● The problem
When the line containing "Der Waldwichtel kommt" is found in the data below, copy it and each line after it through the line containing "2. Engine cradle", exactly and with no others.

● Provided information
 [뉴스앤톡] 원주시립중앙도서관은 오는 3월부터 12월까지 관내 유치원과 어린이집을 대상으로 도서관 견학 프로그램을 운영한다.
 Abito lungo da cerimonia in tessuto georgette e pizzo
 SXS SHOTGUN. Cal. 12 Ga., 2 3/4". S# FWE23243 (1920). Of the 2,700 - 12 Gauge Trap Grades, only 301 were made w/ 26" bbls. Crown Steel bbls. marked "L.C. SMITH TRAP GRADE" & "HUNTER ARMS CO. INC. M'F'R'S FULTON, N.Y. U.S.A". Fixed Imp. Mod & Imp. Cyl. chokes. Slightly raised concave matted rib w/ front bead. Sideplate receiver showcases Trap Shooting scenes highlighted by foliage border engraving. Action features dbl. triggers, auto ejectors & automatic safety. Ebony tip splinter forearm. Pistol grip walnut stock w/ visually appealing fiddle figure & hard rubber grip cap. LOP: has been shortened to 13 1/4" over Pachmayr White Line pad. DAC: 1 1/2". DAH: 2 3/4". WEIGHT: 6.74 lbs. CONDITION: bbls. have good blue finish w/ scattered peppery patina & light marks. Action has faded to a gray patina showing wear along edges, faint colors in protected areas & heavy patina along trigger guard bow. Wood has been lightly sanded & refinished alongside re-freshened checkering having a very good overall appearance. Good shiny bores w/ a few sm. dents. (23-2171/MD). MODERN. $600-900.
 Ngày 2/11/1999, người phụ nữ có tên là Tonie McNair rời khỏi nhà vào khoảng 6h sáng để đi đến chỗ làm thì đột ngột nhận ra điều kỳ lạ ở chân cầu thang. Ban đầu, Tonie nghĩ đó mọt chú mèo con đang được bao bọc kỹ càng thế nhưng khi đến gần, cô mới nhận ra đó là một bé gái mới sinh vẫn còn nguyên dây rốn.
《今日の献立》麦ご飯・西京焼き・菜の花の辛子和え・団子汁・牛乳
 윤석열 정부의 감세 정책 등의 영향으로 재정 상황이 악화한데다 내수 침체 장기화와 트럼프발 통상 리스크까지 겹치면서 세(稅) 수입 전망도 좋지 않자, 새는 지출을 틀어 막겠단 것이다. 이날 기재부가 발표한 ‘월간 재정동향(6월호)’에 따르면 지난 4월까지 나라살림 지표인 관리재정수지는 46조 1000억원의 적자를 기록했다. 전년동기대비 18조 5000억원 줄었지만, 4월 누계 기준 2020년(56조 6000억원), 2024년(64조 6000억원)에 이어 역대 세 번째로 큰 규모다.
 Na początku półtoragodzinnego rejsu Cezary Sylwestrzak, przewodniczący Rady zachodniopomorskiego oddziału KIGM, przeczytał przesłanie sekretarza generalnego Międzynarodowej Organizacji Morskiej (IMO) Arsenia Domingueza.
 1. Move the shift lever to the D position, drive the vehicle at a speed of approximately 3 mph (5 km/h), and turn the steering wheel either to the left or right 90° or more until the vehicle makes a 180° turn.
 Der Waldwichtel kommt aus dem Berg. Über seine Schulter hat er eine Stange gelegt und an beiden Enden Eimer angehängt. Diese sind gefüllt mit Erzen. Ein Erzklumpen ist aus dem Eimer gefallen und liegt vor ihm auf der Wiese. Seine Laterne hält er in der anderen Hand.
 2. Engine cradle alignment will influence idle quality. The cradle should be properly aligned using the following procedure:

---

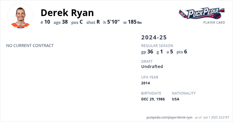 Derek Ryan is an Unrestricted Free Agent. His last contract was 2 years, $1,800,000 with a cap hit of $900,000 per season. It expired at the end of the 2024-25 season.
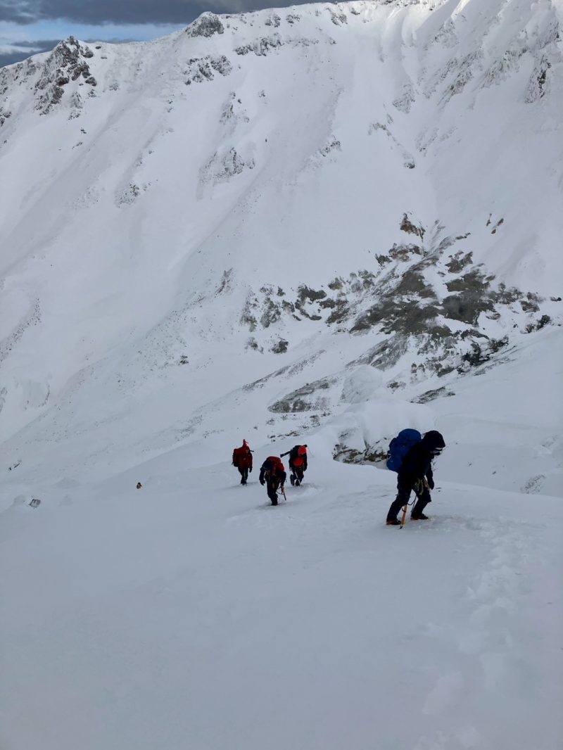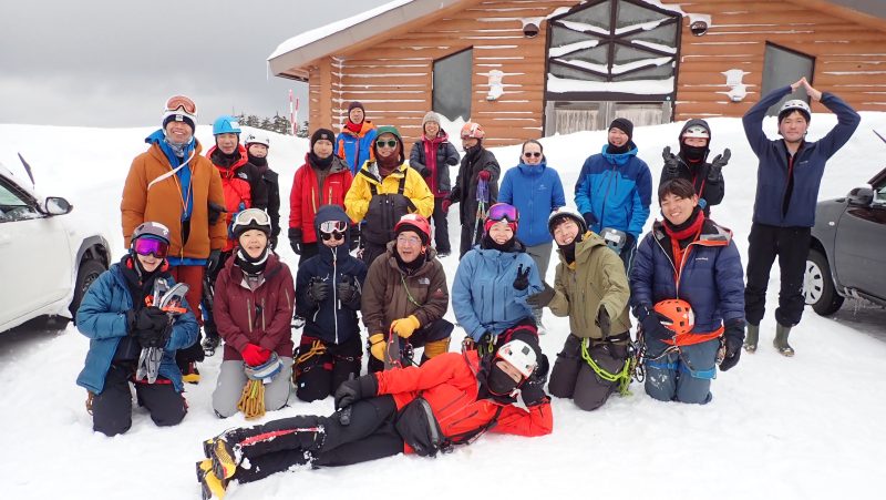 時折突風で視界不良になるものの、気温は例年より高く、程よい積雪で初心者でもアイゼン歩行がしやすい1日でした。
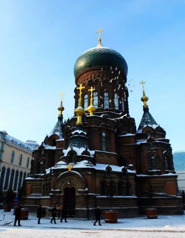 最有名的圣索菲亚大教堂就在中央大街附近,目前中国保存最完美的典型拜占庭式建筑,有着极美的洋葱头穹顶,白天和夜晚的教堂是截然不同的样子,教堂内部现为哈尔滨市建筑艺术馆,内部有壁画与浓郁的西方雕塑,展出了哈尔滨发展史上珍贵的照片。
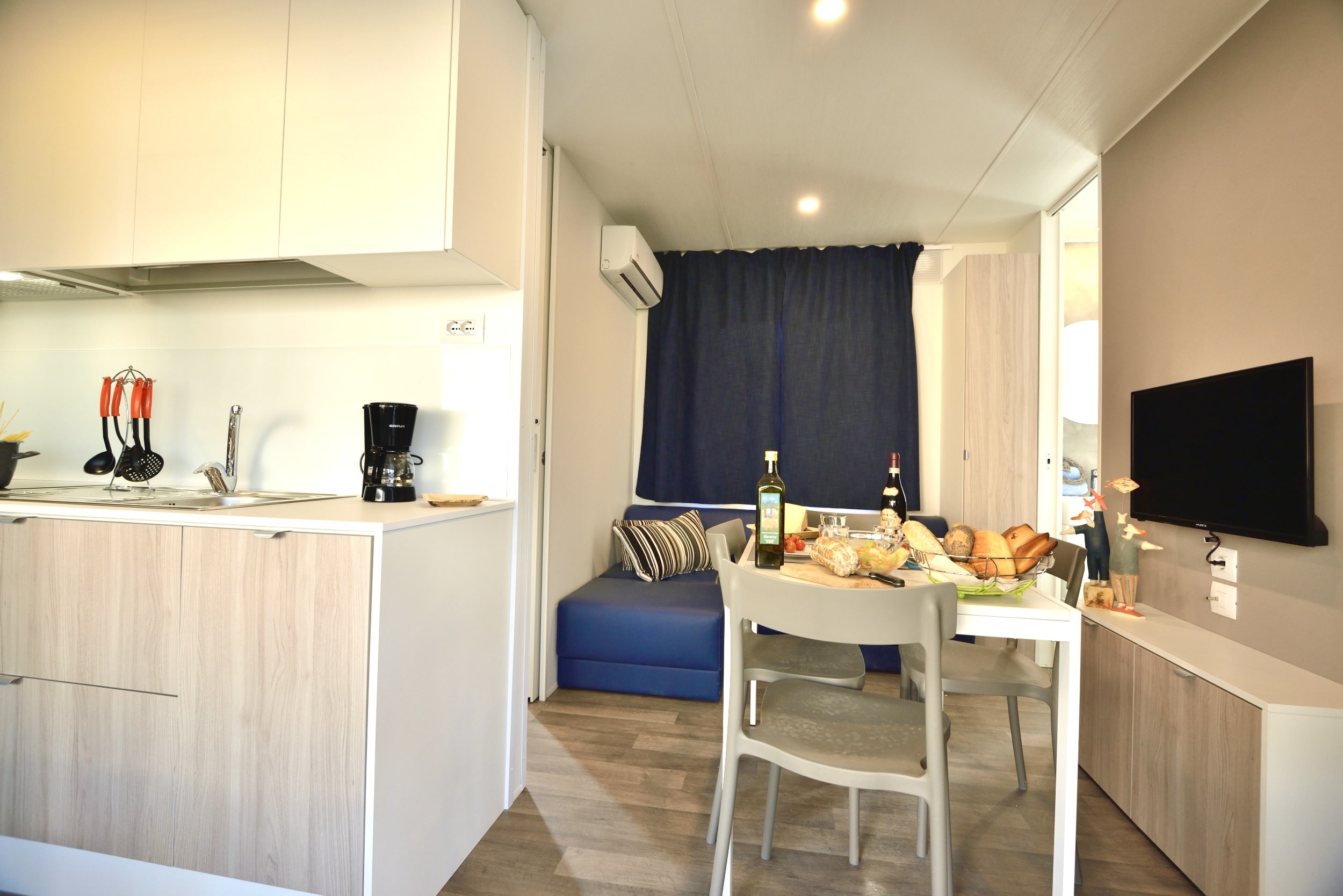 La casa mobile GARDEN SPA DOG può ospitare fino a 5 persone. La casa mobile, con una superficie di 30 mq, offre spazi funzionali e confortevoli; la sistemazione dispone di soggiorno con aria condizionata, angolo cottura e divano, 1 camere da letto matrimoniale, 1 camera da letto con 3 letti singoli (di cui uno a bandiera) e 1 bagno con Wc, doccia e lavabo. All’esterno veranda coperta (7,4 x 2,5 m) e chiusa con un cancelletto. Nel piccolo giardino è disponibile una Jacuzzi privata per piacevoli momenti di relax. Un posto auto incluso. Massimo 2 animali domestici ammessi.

● Exercise answer
 Der Waldwichtel kommt aus dem Berg. Über seine Schulter hat er eine Stange gelegt und an beiden Enden Eimer angehängt. Diese sind gefüllt mit Erzen. Ein Erzklumpen ist aus dem Eimer gefallen und liegt vor ihm auf der Wiese. Seine Laterne hält er in der anderen Hand.
 2. Engine cradle alignment will influence idle quality. The cradle should be properly aligned using the following procedure:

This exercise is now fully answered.